Researchers Have Developed 3D Printed Heart Valves That Can Grow in Your Body

A team of researchers recently announced that they have developed a new form of 3D printed heart valves. These new artificial organ parts are designed to give the patient’s own cells the possibility to form new cells and thus grow with the rest of the patient’s body of the patient, helping potentially to reduce many of the complications associated with transplants.  As you know, the use of additive manufacturing in the medical sector has grown exponentially as it has enabled scientists and doctors to explore possibilities that were completely unimaginable just a few years ago. However, although 3D printing has already been successfully used in areas like the manufacturing of prosthetics, other fields like internal medicine, notably the concept of bioprinting, are still being explored. But this research represents a significant step forward in the field.

A team of researchers, including Petra Mela, professor of medical materials and implants at the Technical University of Munich (TUM), and Professor Elena De-Juan Pardo from the University of Western Australia, have been working on the idea of creating 3D printed heart valves, which can be used as life-lasting implants, due to their ability to form new tissue. By using AM technologies in combination with special, biodegradable materials, professionals were able to create implants that copy the unique complexities of a human organ. Considering that in the United States alone there are 182,00 heart valve replacements per year, the research could help save a number of lives once it is viable.  
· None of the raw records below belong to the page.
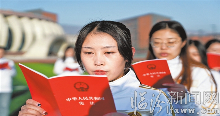 臨汾新聞網訊 為弘揚憲法精神,增強新時代大學生的憲法意識,12月2日,山西師范大學現代文理學院政法系黨支部組織政法系90余名學生誦讀憲法序言及正文,增強他們的法律意識,感悟憲法的重要性。 記者 趙 俊 攝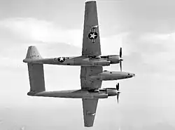 The XF-11 emerged as a tricycle landing gear, twin-engine, twin-boom all-metal monoplane with a pressurized central crew nacelle and a much larger wingspan and higher aspect ratio than the P-38 or the D-2.[1][26] The aircraft was of conventional aluminum alloy construction with flush riveted skin. The wings were equipped with single-slotted Fowler flaps; roll control was provided by mid-chord spoilers at high speeds and by ailerons near the wingtips at low speeds. To provide added fuel capacity and range, hardpoints were mounted under the wings for 700-US-gallon (2,600 L; 580 imp gal) auxiliary drop tanks, and design drawings also indicated provisions for mounting 600-US-gallon (2,300 L; 500 imp gal) auxiliary tip tanks. However, there is no evidence that auxiliary fuel tanks were ever fitted to the prototypes during flight tests.[27]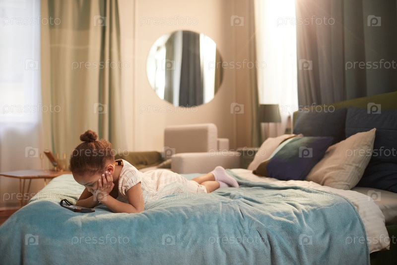 Маленькая афроамериканская девочка, лежащая на кровати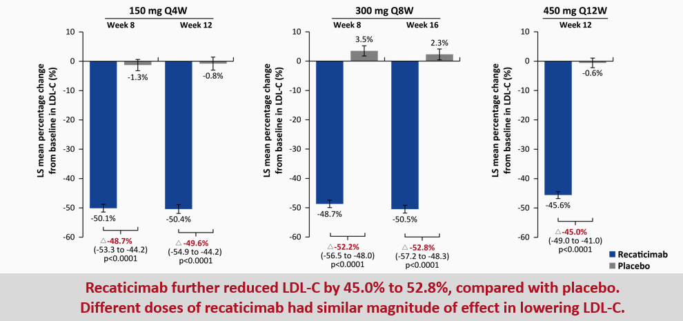 研究主要终点为与安慰剂相比,瑞卡西单抗150mg Q4W和450mg Q12W治疗12周以及300mg Q8W治疗16周后,非家族性高胆固醇血症和混合型高脂血症患者LDL-C相对于基线变化的百分比。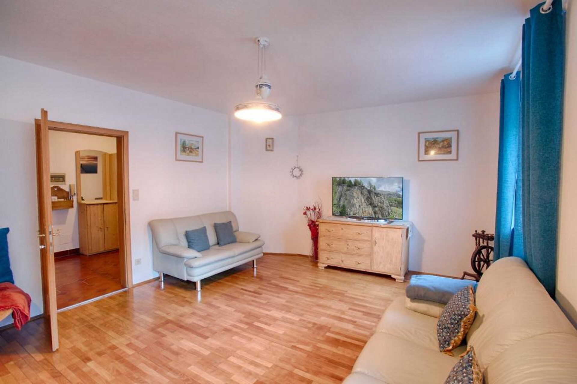 Le ampie finestre inondano l'appartamento di luce naturale e offrono una vista unica sulle montagne e sul paese. L'appartamento è molto spazioso e allo stesso tempo affascina con un'atmosfera molto accogliente.

The details on the 3D printed heart valve are incredibly fine

Although other kinds of heart valve implants may already exist, the use of those is always accompanied by different complications. Mechanical valves, for example, have a tendency to form blood clots on the metal surfaces, which may lead to serious complications. In addition to that, patients also are bound to the lifelong use of blood-thinning medication, as well as limitations in physical activity. Another disadvantage is that these valves cannot grow and eventually need replacement, as Petra Mela explains, “Our goal is to engineer bioinspired heart valves that support the formation of new functional tissue in patients. Children would especially benefit from such a solution, as current heart valves don’t grow with the patient and must be replaced over the years in multiple surgeries. Our heart valves, in contrast, mimic the complexity of native heart valves and are designed to let a patient’s own cells infiltrate the scaffold.”  

 

 

Using a Special AM Technology for the 3D Printed Heart Valves

To be able to imitate the fine biological structures of the human organ, the researchers turned to an entirely new additive manufacturing technology, named melt electrowriting. Essentially, this is an extrusion process wherein a polymer is heated, melted, and pushed out of a printing head as a liquid jet. However, what makes this process special is the use of a high-voltage electric field, which is applied to the jet and makes the resulting fiber as thin as five to fifty micrometers, allowing the machine to print in extreme detail and produce very accurate patterns. To make sure the best material is used for the implant, the team chose to use medical-grade polycaprolactone (PCL), which is compatible with cells and biodegradable.


Petra Mela, professor of medical materials and implants at the Technical University of Munich (TUM)

As earlier mentioned, the long-term goal is to create implants for children, which can stay inside the body and grow with the patient. The hope is that after some time, cells settle in the spaces of the micro-pores, which are smaller than the pores of the PCL structure. Although there is still a long way to go, the team is confident that it will be a great improvement for those suffering from heart valve diseases and they will soon be moving onto animal testing. You can find out more about the project HERE.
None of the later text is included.